One way that I think both problems can be tackled simultaneously is an apprenticeship/private tutor model. Here’s how it could work. People who want to “go to college” would be able to choose between the traditional university route with enrollment, tuition, regular classes, and an apprenticeship or tutor route. They would be able to “hire” out-of-work PhD’s in applicable fields of study, paying the instructor directly, and the instructor would then teach the applicable material, skills, etc. When the pupil achieved certain milestones as judged by the instructor, the instructor could recommend recognition of credits or degrees. E.g. a student who would like to obtain a bachelor’s degree but needs English Literature credits could hire someone with a PhD in English and study independently with that person. The PhD, when convinced of the student’s mastery, could present a portfolio of the student’s work to a local university and recommend the issuance of 6 credits of English, possibly contingent on the student also passing standardized exams.
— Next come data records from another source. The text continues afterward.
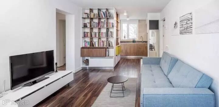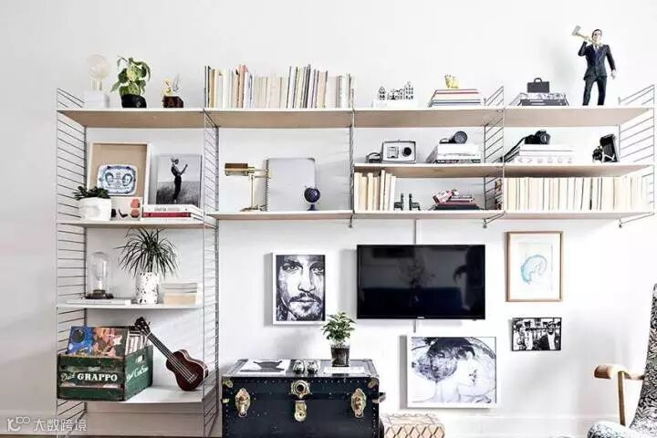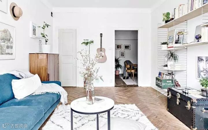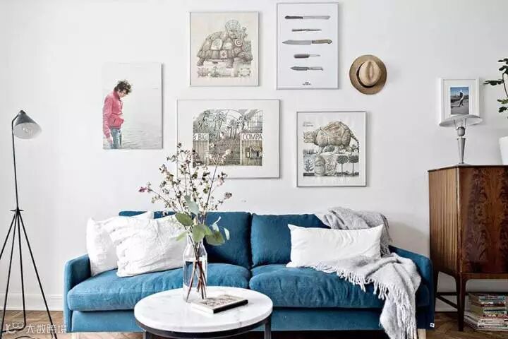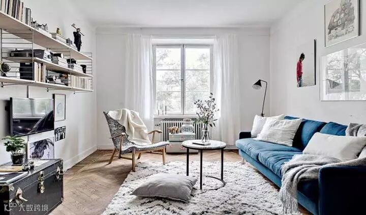 蓝白的配色给人一种清爽的感觉,蓝色本身就有减压和放松身心的效果,精致的挂画让白墙也显得非常有质感,客厅用金属架子打造了一个开放式的收纳区,下面摆放一个复古的箱子,即可以做为收纳用途,还能提升整个空间的格调。
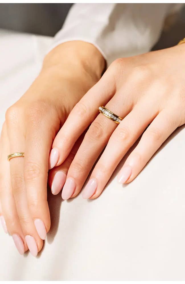 Promising review: "Absolutely love these bracelets! They look way more expensive than they are and have such a beautiful shine. I’ve worn them daily — stacked and on their own — and they elevate every outfit from casual to dressed up. They’re lightweight, comfortable, and haven’t tarnished or irritated my skin at all. The clasp feels secure, and the fit is perfect. I’ve already gotten so many compliments. Great quality for the price — would definitely buy again and highly recommend!" —Hayley
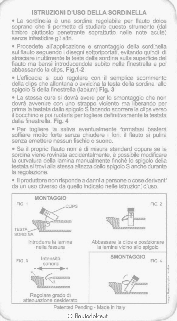 (Resta da aggiungere che è altamente sconsigliato applicare la Sordinella a uno strumento di legno: la frizione prodotta sul labium finirebbe presto col rovinare completamente lo strumento.)
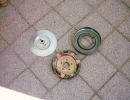 Geholfen hat ein handelsüblicher Abzieher mit Holzkonstruktion und ein paar schläge mit dem Hammer. Mußt aber aufpassen, dass Du die Scheibe nicht verbiegst und damit eine Unwucht reinbekommst.

If the instructor consistently recommends good candidates, eventually the panel would no longer need to scrutinize portfolios and could start rubber-stamping the instructor’s pupils (e.g. the instructor has become “fully accredited” to issue college credits in English). There is already an analogous process in place in many areas of the US for home-schooled children who would like a high school diploma or equivalency. E.g. this organization appears to be authorized by the State of Pennsylvania to monitor the curricula of homeschooling parents and decide when and if the student has been educated enough to qualify for a high school diploma or equivalency. You could even have assistantships, where students assist the tutor in the tutor’s own research in lieu of some or all of the student’s tuition. E.g. maybe I could sign on with someone with a PhD in Psychology and help them do real psychological research, learning along the way, and become a co-author on five papers that get published in academic journals. Eventually I get good enough and do my own paper (i.e. a thesis), and the PhD pats me on the back and recommends me for immediate master’s degree recognition. The difference between this and existing grad assistantships is that there is no “grad school” to apply to or attend - I’m just working with a PhD I found on www.phdandnojob.co m.
In other words, this is the one-on-one pupilship “Mr. Miyagi’s dojo” model versus the “Cobra Kai dojo” with its highly structured classes, ranks, and competitions.
Workable idea? Good idea? If it’s a bad idea, why? Would it be too hard to administer on a practical basis? Would it necessarily represent a drop in educational standards?